**Work required:** With every picture left out, give the data below back exactly.

Start of Given information

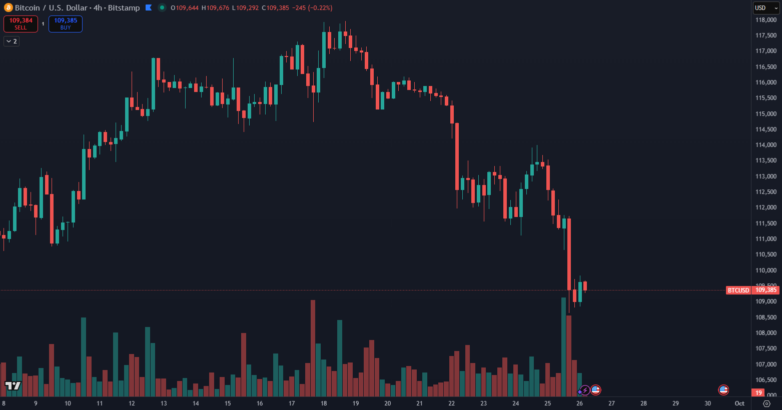 Bitcoin has faced significant swings in recent days, confirmed by Thursday’s drop. According to TradingView, the largest cryptocurrency’s price fell below 109,000 dollars, marking the lowest level since early September. This movement occurred after the release of macroeconomic data from the US, showing that economic growth was much stronger than expected.
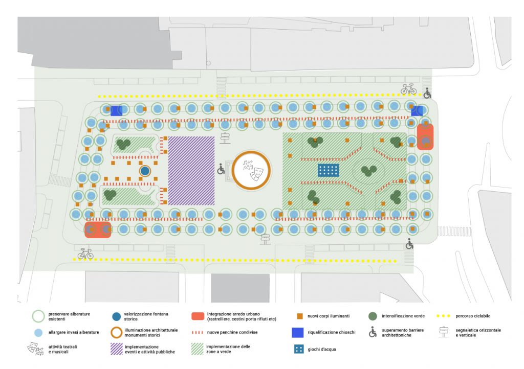 The process involved citizens and stakeholders of the territory so to identify a common vision of the transformation of public space.
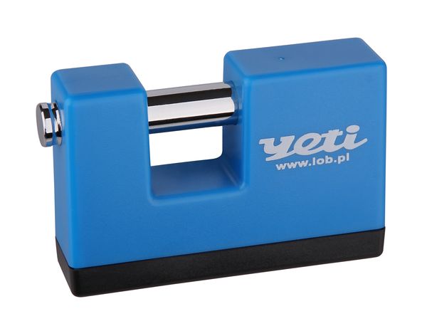 To jedyna kłódka trzpieniowa pod marką Yeti, o rozmiarze 75 mm. Pokrycie korpusu PCV w widoczny sposób podnosi jej estetykę, a dodatkowo podobnie jak w przypadku kłódki z chronionym pałąkiem, chroni przed zarysowaniami elementów, na których jest mocowana.
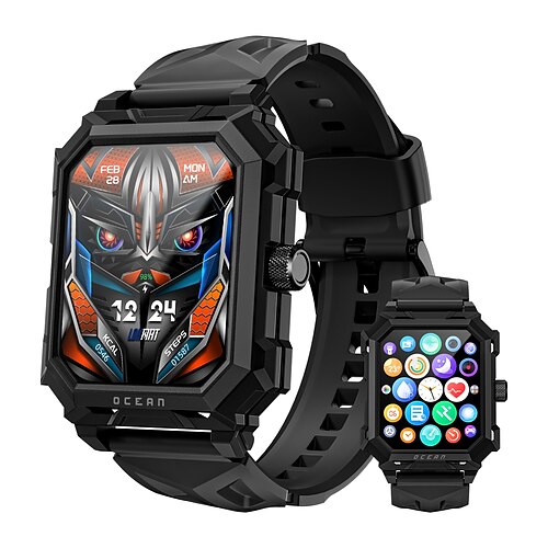 Lokmat Ocean Max Smartwatch, 1,96 Zoll, Bluetooth-Telefonie, Schrittzähler, Anruferinnerung, Schlaftracker, kompatibel mit Android und iOS, Unisex, lange Standby-Zeit, Freisprechfunktion, wasserdicht (IP68), 57 mm

End of Given information

**Your solution:**
 Bitcoin has faced significant swings in recent days, confirmed by Thursday’s drop. According to TradingView, the largest cryptocurrency’s price fell below 109,000 dollars, marking the lowest level since early September. This movement occurred after the release of macroeconomic data from the US, showing that economic growth was much stronger than expected.
 The process involved citizens and stakeholders of the territory so to identify a common vision of the transformation of public space.
 To jedyna kłódka trzpieniowa pod marką Yeti, o rozmiarze 75 mm. Pokrycie korpusu PCV w widoczny sposób podnosi jej estetykę, a dodatkowo podobnie jak w przypadku kłódki z chronionym pałąkiem, chroni przed zarysowaniami elementów, na których jest mocowana.
 Lokmat Ocean Max Smartwatch, 1,96 Zoll, Bluetooth-Telefonie, Schrittzähler, Anruferinnerung, Schlaftracker, kompatibel mit Android und iOS, Unisex, lange Standby-Zeit, Freisprechfunktion, wasserdicht (IP68), 57 mm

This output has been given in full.